[Start of Attachment]

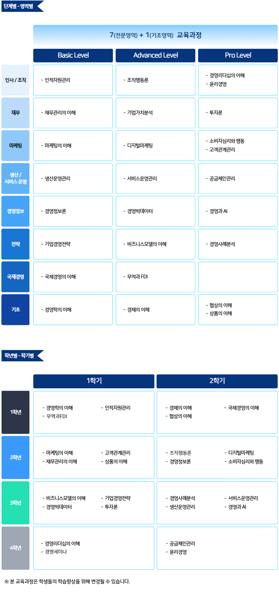 | 3학년 | 1학기 | 비즈니스모델의 이해, 경영빅데이터, 기업경영전략, 투자론 |
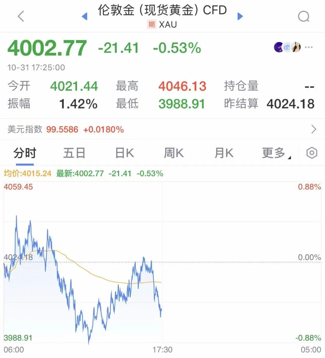 10月31日,现货黄金持续震荡,盘中一度跌破4000美元大关。而就在前一天,现货黄金大涨2.37%。
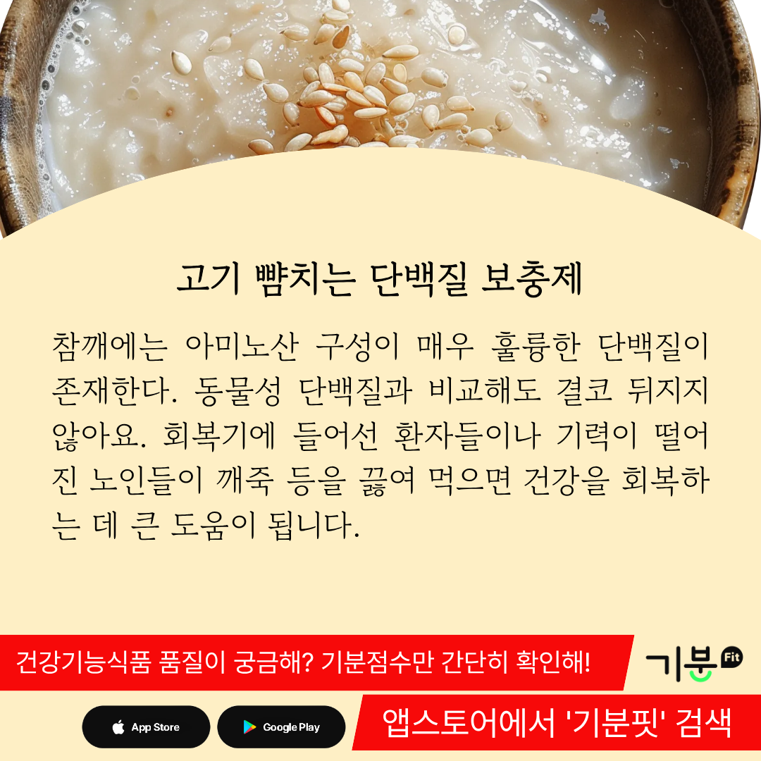 참깨의 질 좋은 아미노산 구성 때문에 회복기에 들어선 환자들이 깨죽 등을 끓여 먹으면 건강을 회복하는 데 큰 도움이 된다.
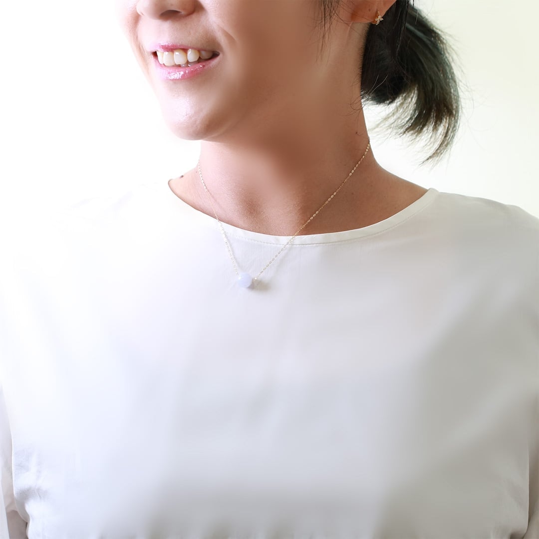 つやつやのラベンダー翡翠を一粒あしらったネックレス♡
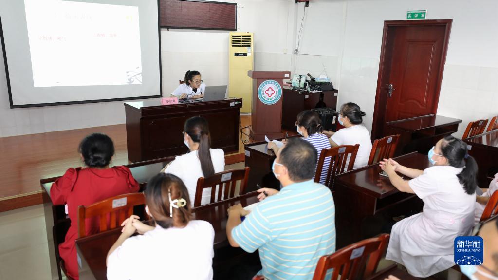 李秋菊在給當地醫務(wù)人員培訓(8月17日攝)。
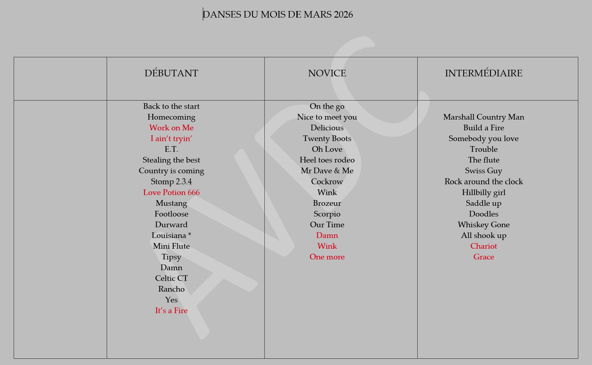 Cliquer ici: Danses de la semaine Danses du mois Vous trouverez toutes les chorégraphies en cliquant sur l'icône Country dance dans la colonne de gauche Nouvelle rubrique: Technique de danse Merci à Lilly West !! Nouvelles chorégraphies: Pim Pam FK & easy Retro Hoedown It's a fire One more Grace Scorpio Love potion 666 Chariot Damm Damm Work on me Whiskey's gone All shook up Durward Cockrow Swiss guy Stomp 2,3,4
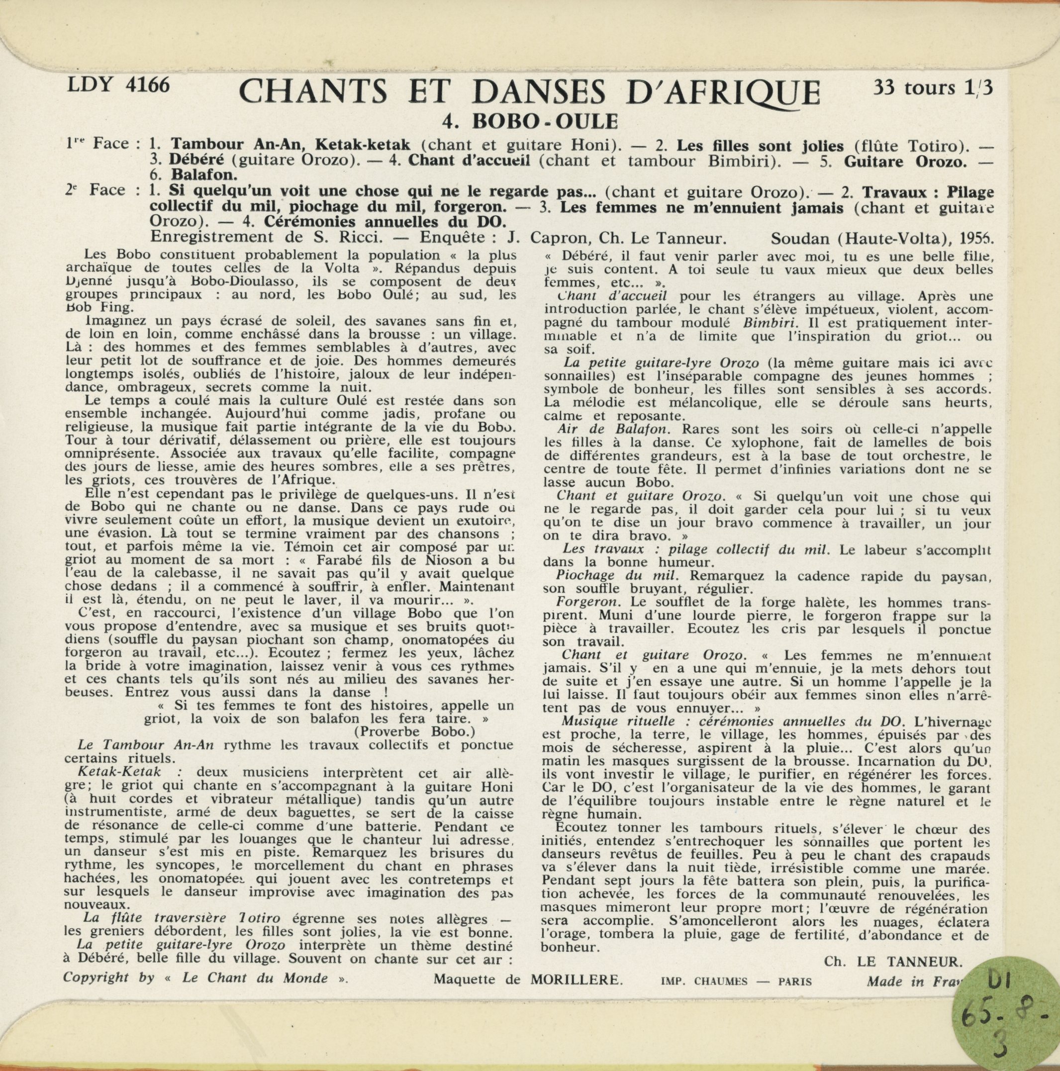Ricci, S. | Burkina Faso | 1956 | CNRSMH_E_1965_008_003_001 |
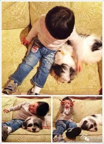 ▲萌娃+萌宠,毫无抵抗力
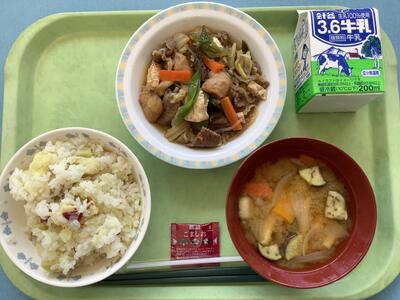 さつまいもごはん すき焼き風煮 味噌汁 牛乳
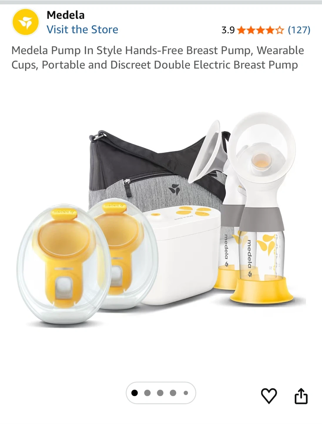 Double electric breast pump with hands free collection cups.
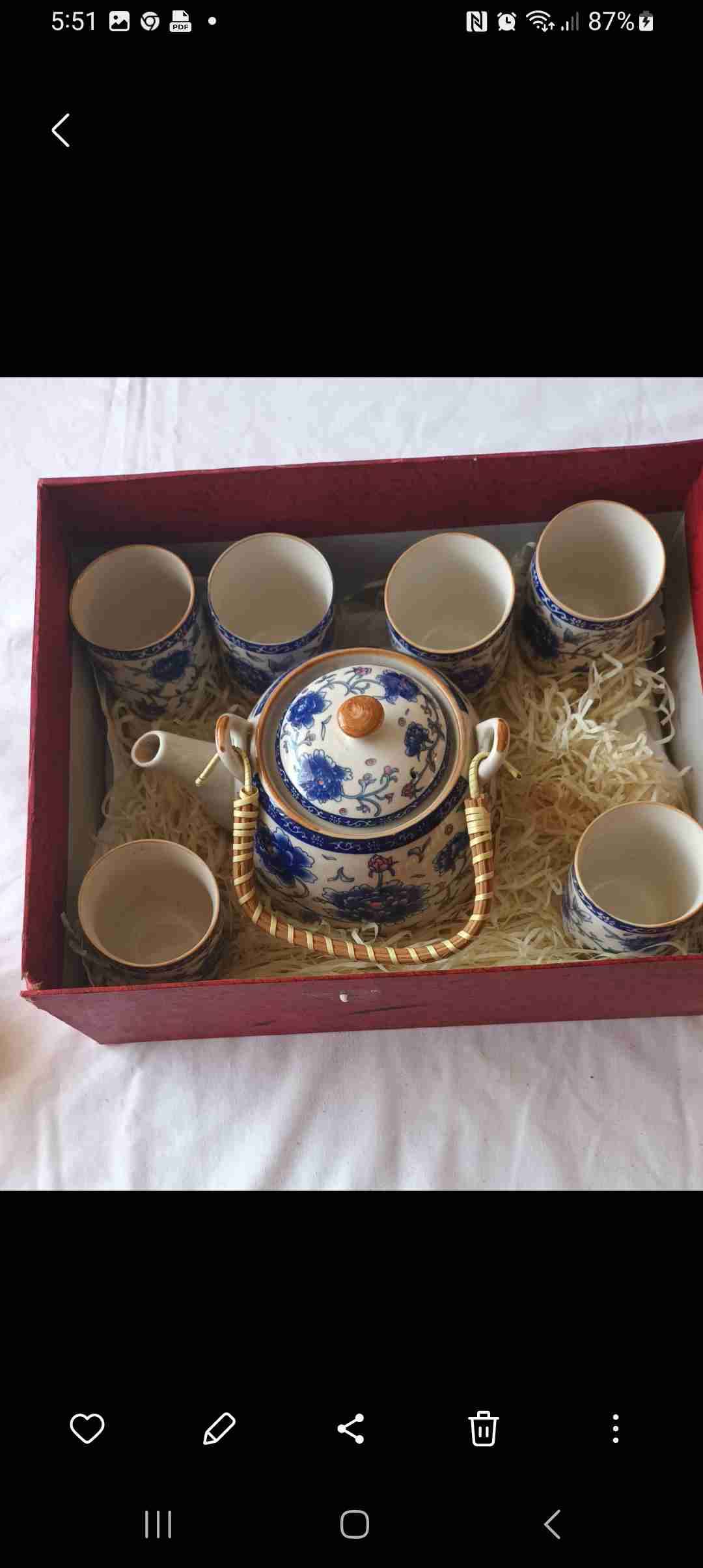 Hermoso set de té con diseño floral azul. Incluye tetera y seis tazas en caja original. Ideal para decorar y disfrutar en familia.
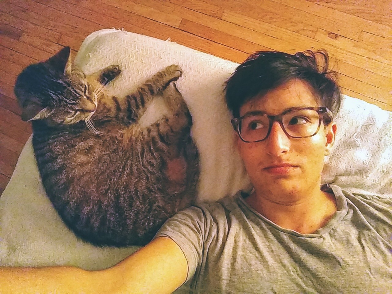 [Overhead shot of me lying next to Wasabi]
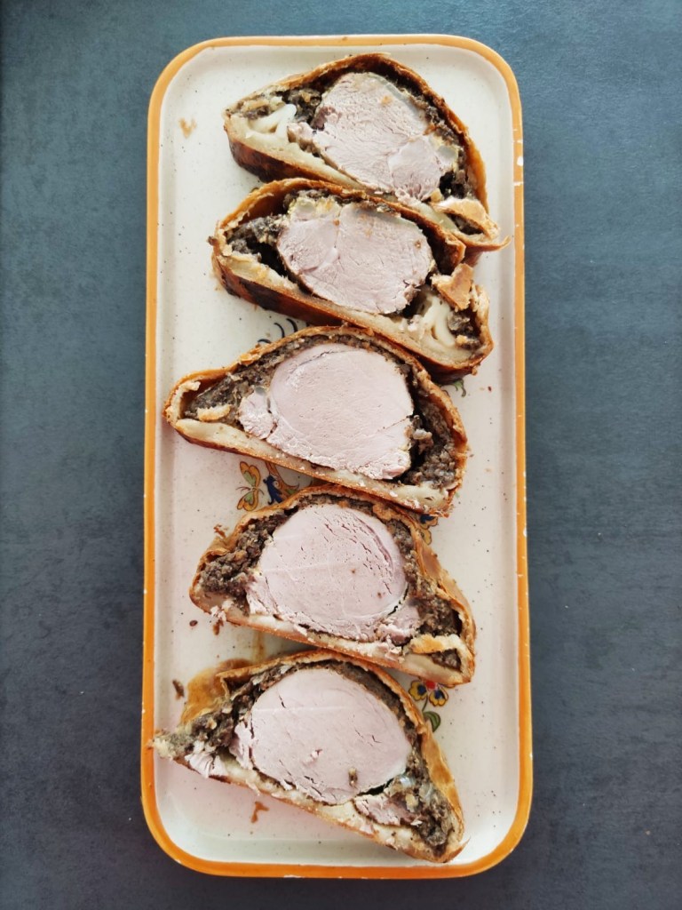 - Etaler une partie du mélange échalotes / champignons / persil au centre de la pâte, en forme de rectangle (10 cm de large X longueur de votre filet mignon). Déposer le filet mignon dessus. Répartir le reste du mélange échalotes / champignons / persil sur le filet.

[End of Attachment]

Word for word, quote the full listing, omitting every picture.

*RESULT*
 | 3학년 | 1학기 | 비즈니스모델의 이해, 경영빅데이터, 기업경영전략, 투자론 |
 10月31日,现货黄金持续震荡,盘中一度跌破4000美元大关。而就在前一天,现货黄金大涨2.37%。
 참깨의 질 좋은 아미노산 구성 때문에 회복기에 들어선 환자들이 깨죽 등을 끓여 먹으면 건강을 회복하는 데 큰 도움이 된다.
 つやつやのラベンダー翡翠を一粒あしらったネックレス♡
 李秋菊在給當地醫務(wù)人員培訓(8月17日攝)。
 Cliquer ici: Danses de la semaine Danses du mois Vous trouverez toutes les chorégraphies en cliquant sur l'icône Country dance dans la colonne de gauche Nouvelle rubrique: Technique de danse Merci à Lilly West !! Nouvelles chorégraphies: Pim Pam FK & easy Retro Hoedown It's a fire One more Grace Scorpio Love potion 666 Chariot Damm Damm Work on me Whiskey's gone All shook up Durward Cockrow Swiss guy Stomp 2,3,4
Ricci, S. | Burkina Faso | 1956 | CNRSMH_E_1965_008_003_001 |
 ▲萌娃+萌宠,毫无抵抗力
 さつまいもごはん すき焼き風煮 味噌汁 牛乳
 Double electric breast pump with hands free collection cups.
 Hermoso set de té con diseño floral azul. Incluye tetera y seis tazas en caja original. Ideal para decorar y disfrutar en familia.
 [Overhead shot of me lying next to Wasabi]
 - Etaler une partie du mélange échalotes / champignons / persil au centre de la pâte, en forme de rectangle (10 cm de large X longueur de votre filet mignon). Déposer le filet mignon dessus. Répartir le reste du mélange échalotes / champignons / persil sur le filet.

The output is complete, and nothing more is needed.